QUESTION; I signed a sales agreement for the sale of my home and we said in the agreement that if either of us defaulted the other party would have to pay $1,000 and that would be the limit of our damages.  The Buyer gave me $1,000 hand money.  Another person said they would give me $8,000 more for the property, so I sold it to them and gave the first buyer his $1,000 as we agreed.  He has now sued me saying that there was no consideration for the agreement, since he only got his same $1,000 back.   What does he mean by this?

ANSWER; This sounds like a question on the bar exam.   First, consideration used to be required in all contracts so as to differentiate between a gift and a promise.  I wrote an article about this a few months ago.  That also explains why sometimes you see someone signing a contract for one dollar.  That makes it a contract as opposed to a gift because a gift can be revoked and a contract cannot without breaching the agreement. 

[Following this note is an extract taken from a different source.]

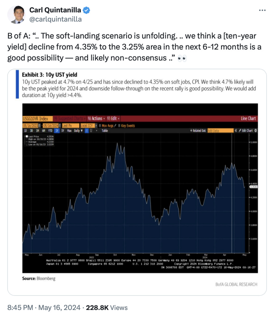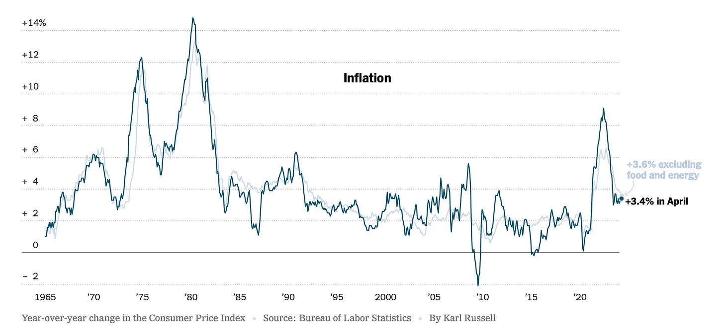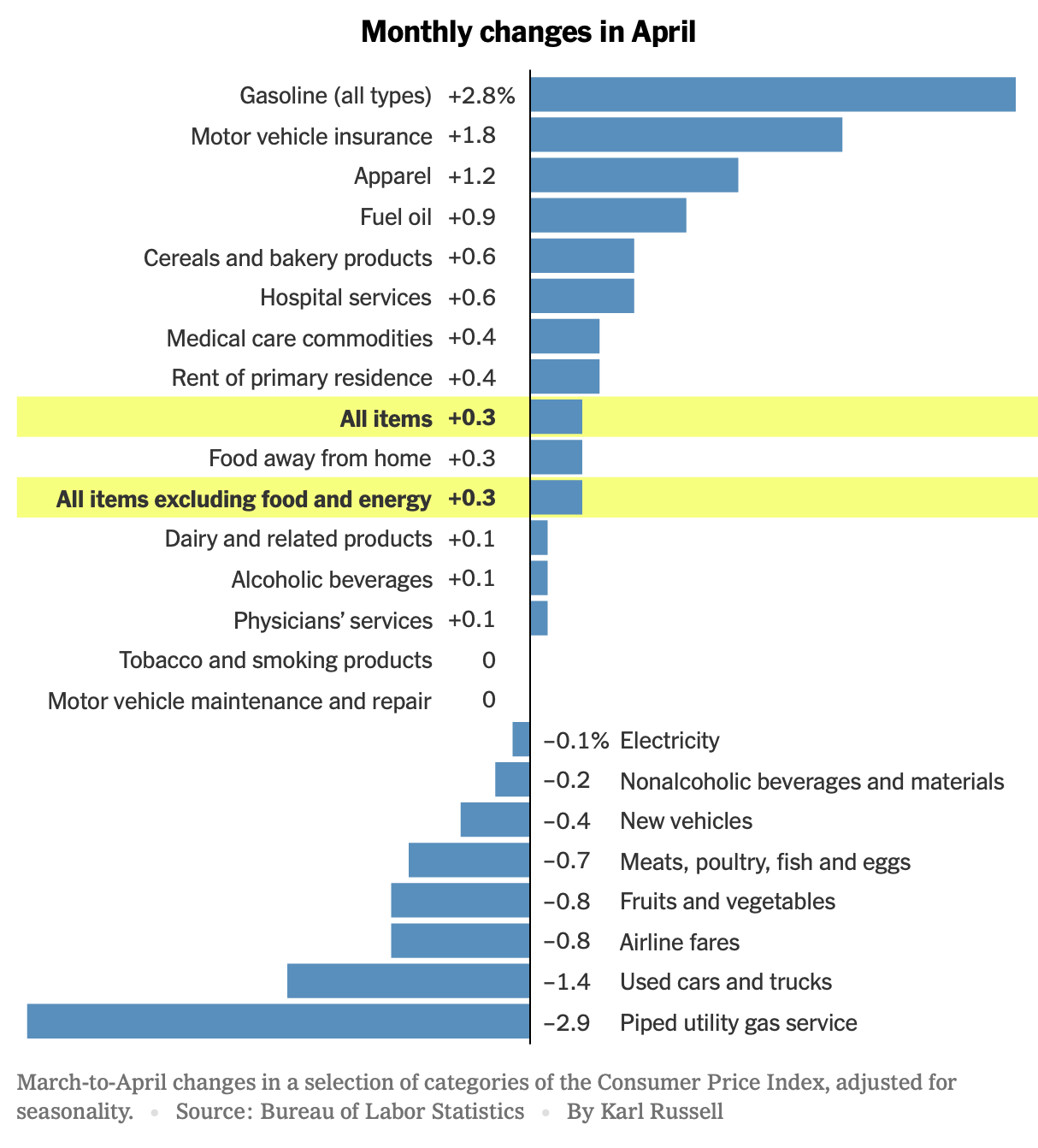 Also, inflation seems to be settling around 3% for now in this excellent NYT piece: Inflation Moderated Slightly in April, Offering Some Relief for Consumers.

    The agreement for each party to pay a sum certain in case of a breach is known as ‘liquidated damages.’  You usually see this when the parties agree that ascertaining precise damages might be difficult so they agree ahead of time what the damage amount will be.

    Your buyer is saying that there was no consideration so it was not a valid contract because he only got his same $1,000 back.  That is, he still had damages outstanding if he only gets his hand money back.  If a court were to agree with him it would open the door for him to make a claim for any damages he could prove as a result of your breach.   However, you showed me this agreement and as I suspected the agreement begins by stating,

“The parties, intending to be bound agree as follows.”

    This language is important because in 1927 the Pennsylvania legislature passed an act known as the Uniform Written Obligations Act (UWOA) which states in its’ entirety;
“A written release or promise, hereafter made and signed by the person releasing or promising, shall not be invalid or unenforceable for lack of consideration, if the writing also contains an additional express statement, in any form of language, that the signer intends to be legally bound.”

    This explains why in many contracts in Pennsylvania you see the language, “intending to be bound” etc.  This supplies the requirements of consideration in a contract.  This act was drafted by Professor Williston, who has long been regarded as one of the foremost leading experts in contract law and virtually every law student has spent some time reading Williston.  The act does not require any precise language only a statement that the parties intend to be bound.  In the older days a seal of wax was impressed upon documents when consideration was passed.  The UWOA was intended to supplant the formalities of seals and to dispense with the oftentimes confusing and arcane requirements of consideration.  So to attempt to answer your question, I think you have a valid agreement.  The Buyer may only get his original $1,000 back but he could have provided for more in the agreement.  And it is another rule of law that the Court will not look to the sufficiency of consideration and save a party from entering into a bad bargain.  In other words, you are free to make a bad deal.